Livingstone Health Holdings Completes Strategic Acquisition of Affinity Surgery Centre Stake
Livingstone Health Holdings Limited Completes Acquisition of 20% Stake in Affinity Surgery Centre
Livingstone Health Holdings Limited (“Livingstone Health” or the “Company”), a Singapore-incorporated healthcare group, has announced the completion of its acquisition of a 20% stake in Affinity Surgery Centre Pte. Ltd. (“Affinity Surgery Centre”). This marks a significant strategic development for the Company and its shareholders, with potential implications for its future growth and share value.
Key Highlights and Details of the Report
- Completion Date: The acquisition was officially completed on 1 December 2025.
- Stake Acquired: Livingstone Health, through a wholly owned subsidiary, has acquired 20% of Affinity Surgery Centre Pte. Ltd.
- Associated Company Status: Following the acquisition, Affinity Surgery Centre has become an associated company of Livingstone Health, as defined under the Catalist Rules.
Shareholders’ Agreement and Investment Safeguards
- Shareholders’ Agreement Mechanism: A detailed Shareholders’ Agreement was executed on 28 November 2025 involving the Purchaser (Livingstone Health’s subsidiary) and the Vendor.
- Capital Protection Clause: If the Revised Employment Agreement with the Vendor is terminated by the Vendor for any reason (the “Termination Event”), the Purchaser is required to sell all its shares in Affinity Surgery Centre back to the Vendor. The sale price will be determined by an investment capital protection formula, designed to safeguard Livingstone Health’s investment value in the event of the Vendor’s exit.
- Mandatory Sale: The sale of shares is mandatory upon a Termination Event, unless specific scenarios in the Shareholders’ Agreement exempt the obligation.
- No Option Rights: Neither party is granted any call or put option in connection with the sale, ensuring clarity and certainty in the event of employment termination.
Potential Share Price Sensitivity and Investor Considerations
- Strategic Expansion: The acquisition aligns with Livingstone Health’s strategic objectives to expand its healthcare portfolio, offering potential for increased revenues and market reach through specialty surgical services.
- Investment Protection: The capital protection mechanism reduces downside risk for Livingstone Health, ensuring shareholders’ interests are safeguarded if key management (Vendor) exits the operation.
- Associated Company Synergies: Affinity Surgery Centre’s operations and financials will now be associated with Livingstone Health, possibly contributing positively to its consolidated financial results.
- Risk Disclosure: Investors should be aware that any future Termination Event could trigger a mandatory sale of shares, potentially impacting Livingstone Health’s holdings and its financial exposure to Affinity Surgery Centre.
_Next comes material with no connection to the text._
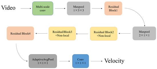 It is known that the convolutional neural network is mainly concerned with local information. However, the vehicle speed estimation problem requires consideration of the vehicle trajectory change throughout the entire video footage. In order to focus on more global information, we add non-local blocks to the second and third residual blocks of the network. Besides, we add a convolutional layer whose kernel is (3, 5, 5), the stride is (1, 2, 2) after the first convolutional layer to reduce video memory. Moreover, we also change the first layer of the ConvNet to the multi-scale convolution detailed in Section 3.3.

Regulatory and Sponsor Review
- This announcement was reviewed by Livingstone Health’s sponsor, SAC Capital Private Limited. However, it has not been examined or approved by the Singapore Exchange Securities Trading Limited (SGX-ST). The SGX-ST does not take responsibility for its contents.
Conclusion
The completion of the 20% acquisition in Affinity Surgery Centre represents a key milestone for Livingstone Health Holdings. The detailed structure of the Shareholders’ Agreement, especially the investment capital protection formula, provides significant security for the Company and its investors. The transaction is likely to be price-sensitive, given its potential impact on Livingstone Health’s business strategy, risk profile, and financial performance.
Disclaimer
This article is for informational purposes only. It does not constitute investment advice, and investors should conduct their own due diligence or consult their financial advisors before making any investment decisions. The information contained herein is based on official company announcements and is subject to change without notice.